The task here is to insert rational numbers between 4 and 4.5 using equal intervals.

**Intervals:**The difference between 4 and 4.5 is 0.5. To divide this range into 3 intervals, we use 0.5 / 3 = 0.166… (repeating decimal).**Insertion and arrangement:**Adding 0.166… successively to 4 gives us the sequence 4, 4.166…, 4.333…, and finally 4.5.

**6. Navigating Between 3 and 4:**

To navigate between 3 and 4 while inserting rational numbers and arranging them, we use the LCM method to establish common intervals.

**Intervals:**The difference between 3 and 4 is 1. To divide this range into 6 intervals, we use 1 / 6 = 1/6.**Insertion and arrangement:**Adding 1/6 successively to 3 gives us the sequence 3, 13/6, 7/3, 5/2, 17/6, and finally 4.

**7. Bridging Between 3/5 and 4/5:**

To bridge rational numbers between 3/5 and 4/5 while arranging them, we once again use the LCM technique for common intervals.

**LCM of 5:**The LCM of the denominator 5 is 5.**Equivalent fractions:**We convert both fractions to equivalent forms with a common denominator of 5:- 3/5 = (3/5) * (1/1) = 3/5
- 4/5 = (4/5) * (1/1) = 4/5

**Intervals:**The difference between 4/5 and 3/5 is 1/5. To divide this range into 5 intervals, we use 1/5 / 5 = 1/25.**Insertion and arrangement:**Adding 1/25 successively to 3/5 gives us the sequence 3/5, 11/25, 13/25, 21/25, and finally 4/5.

**8. Discovery Amidst -2/5 and 1/7:**

In this complex scenario, discovering rational numbers between -2/5 and 1/7 while arranging them requires careful application of the LCM approach.

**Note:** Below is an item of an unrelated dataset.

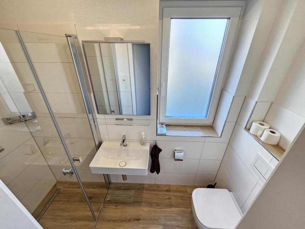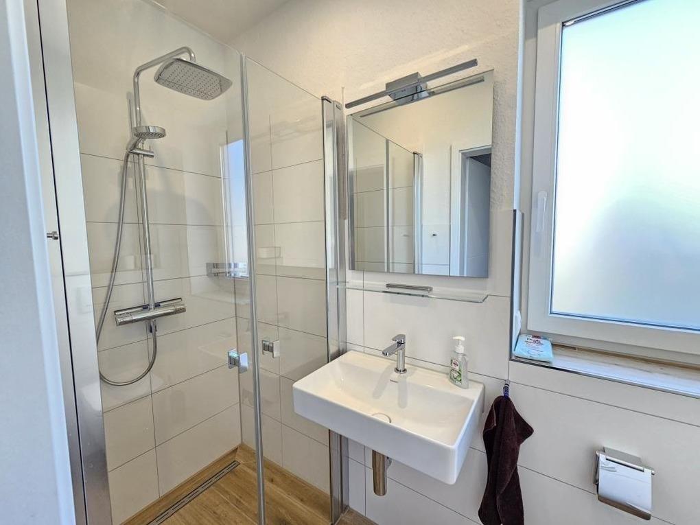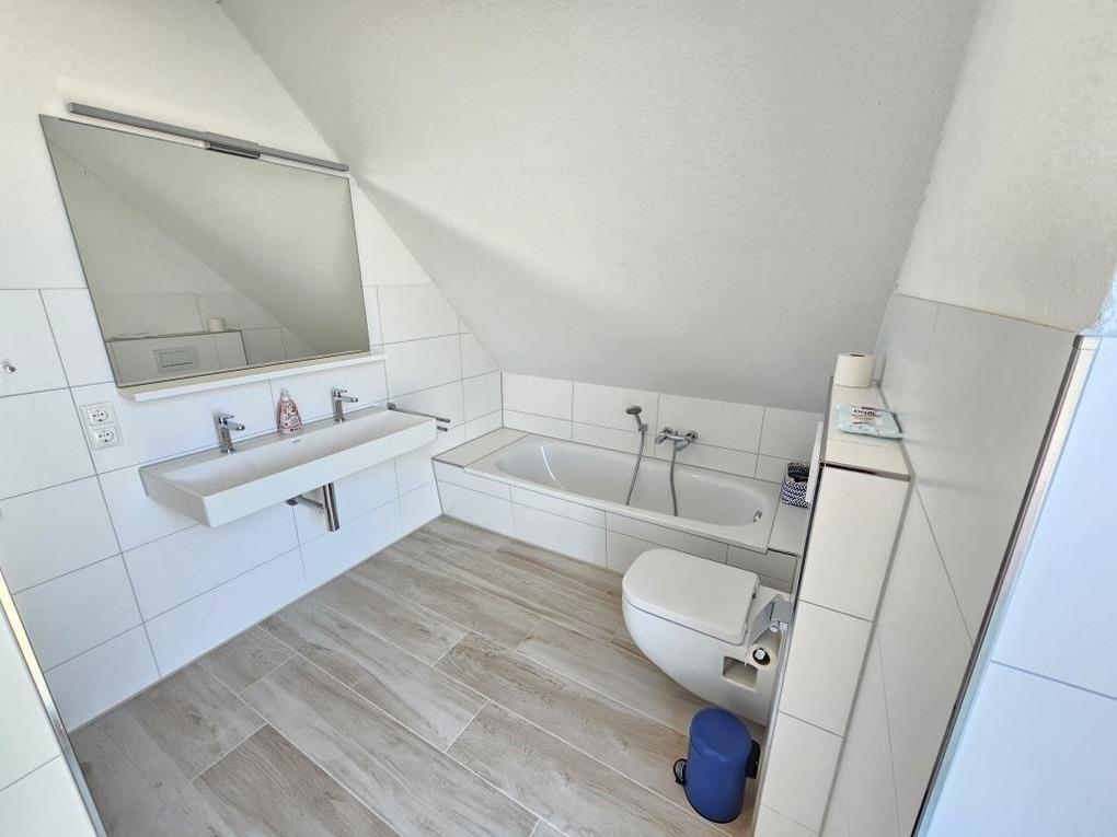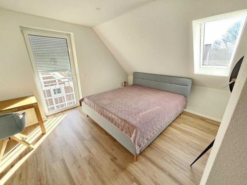 Im Erdgeschoss des Hauses finden Sie einen gemütlichen Wohnraum von dem man direkt auf die Terrasse und in den großen Garten am Haus gelangt. Die hochwertige Küchenzeile und der Esstisch laden dazu ein, kochen und schnacken gemütlich miteinander zu verbinden. Ein Badezimmer mit Dusche / WC steht im Erdgeschoss zur Verfügung. Desweiteren befindet sich im Erdgeschoß ein Abstellraum mit einer Waschmaschine, die Sie kostenlos nutzen dürfen. Im Obergeschoss finden Sie 2 Schlafräume (1x ein Doppelbett und 1x Einzelbett) sowie ein schönes Badezimmer mit Dusche / WC und einer Badewanne

**LCM of 5 and 7:**The LCM of the denominators 5 and 7 is 35.**Equivalent fractions:**We convert both fractions to equivalent forms with a common denominator of 35:- -2/5 = (-2/5) * (7/7) = -14/35
- 1/7 = (1/7) * (5/5) = 5/35

**Intervals:**The difference between 5/35 and -14/35 is 19/35. To divide this range into 11 intervals, we use 19/35 / 11 = 19/385.**Insertion and arrangement:**Adding 19/385 successively to -14/35 gives us the sequence -14/35, -33/385, -14/77, -7/55, -4/35, -33/385, -14/105, -5/77, -2/35, -19/385, and finally 5/35.

**9. Journeying Between 1/2 and 2/3:**

The final task is to journey between 1/2 and 2/3 by inserting rational numbers and arranging them.

**LCM of 2 and 3:**The LCM of the denominators 2 and 3 is 6.**Equivalent fractions:**We convert both fractions to equivalent forms with a common denominator of 6:- 1/2 = (1/2) * (3/3) = 3/6
- 2/3 = (2/3) * (2/2) = 4/6

**Intervals:**The difference between 4/6 and 3/6 is 1/6. To divide this range into 6 intervals, we use 1/6.**Insertion and arrangement:**Adding 1/6 successively to 3/6 gives us the sequence 3/6, 4/6, 5/6.